--- Excerpted records ---
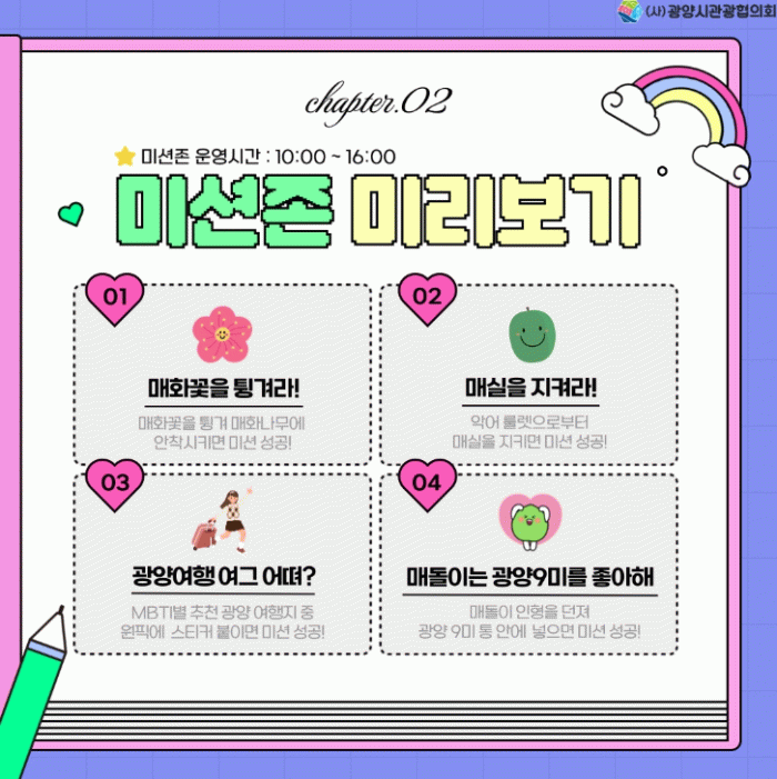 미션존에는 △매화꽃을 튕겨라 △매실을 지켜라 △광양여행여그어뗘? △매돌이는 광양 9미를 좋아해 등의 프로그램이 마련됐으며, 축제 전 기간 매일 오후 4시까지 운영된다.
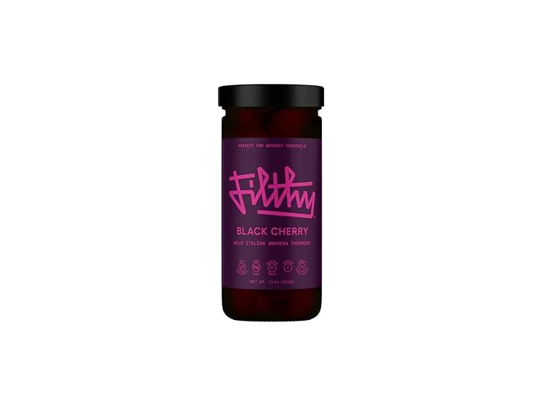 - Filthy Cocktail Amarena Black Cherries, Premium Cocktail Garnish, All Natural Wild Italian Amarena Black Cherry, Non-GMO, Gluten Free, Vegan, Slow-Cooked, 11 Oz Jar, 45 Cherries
---
--- Excerpted records ---
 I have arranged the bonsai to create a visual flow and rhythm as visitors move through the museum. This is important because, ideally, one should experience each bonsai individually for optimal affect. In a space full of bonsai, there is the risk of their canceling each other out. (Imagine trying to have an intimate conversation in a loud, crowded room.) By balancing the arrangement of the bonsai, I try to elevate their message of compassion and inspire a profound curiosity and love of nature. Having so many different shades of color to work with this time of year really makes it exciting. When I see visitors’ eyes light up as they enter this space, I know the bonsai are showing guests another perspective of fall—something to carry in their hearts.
---
--- Excerpted records ---
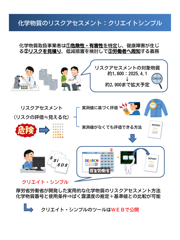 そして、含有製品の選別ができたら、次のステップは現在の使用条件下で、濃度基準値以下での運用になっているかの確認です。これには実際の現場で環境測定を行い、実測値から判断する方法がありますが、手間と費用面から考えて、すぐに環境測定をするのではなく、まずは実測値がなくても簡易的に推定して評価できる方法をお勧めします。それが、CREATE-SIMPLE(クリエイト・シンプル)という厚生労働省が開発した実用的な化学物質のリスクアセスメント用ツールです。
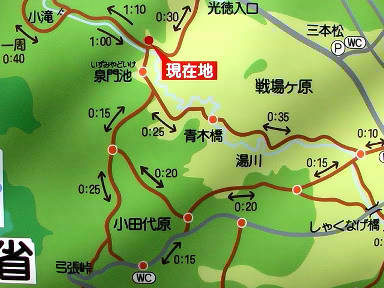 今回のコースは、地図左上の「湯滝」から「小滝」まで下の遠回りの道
---
**What to work on**. The material above holds pictures; leave them out and set down exactly the lines from the line with "そして、含有製品の選別ができ" to the line with "今回のコースは、地図左上の「湯滝」から「小滝」まで下の遠回りの道", both included.

**Result of this task**.
 そして、含有製品の選別ができたら、次のステップは現在の使用条件下で、濃度基準値以下での運用になっているかの確認です。これには実際の現場で環境測定を行い、実測値から判断する方法がありますが、手間と費用面から考えて、すぐに環境測定をするのではなく、まずは実測値がなくても簡易的に推定して評価できる方法をお勧めします。それが、CREATE-SIMPLE(クリエイト・シンプル)という厚生労働省が開発した実用的な化学物質のリスクアセスメント用ツールです。
 今回のコースは、地図左上の「湯滝」から「小滝」まで下の遠回りの道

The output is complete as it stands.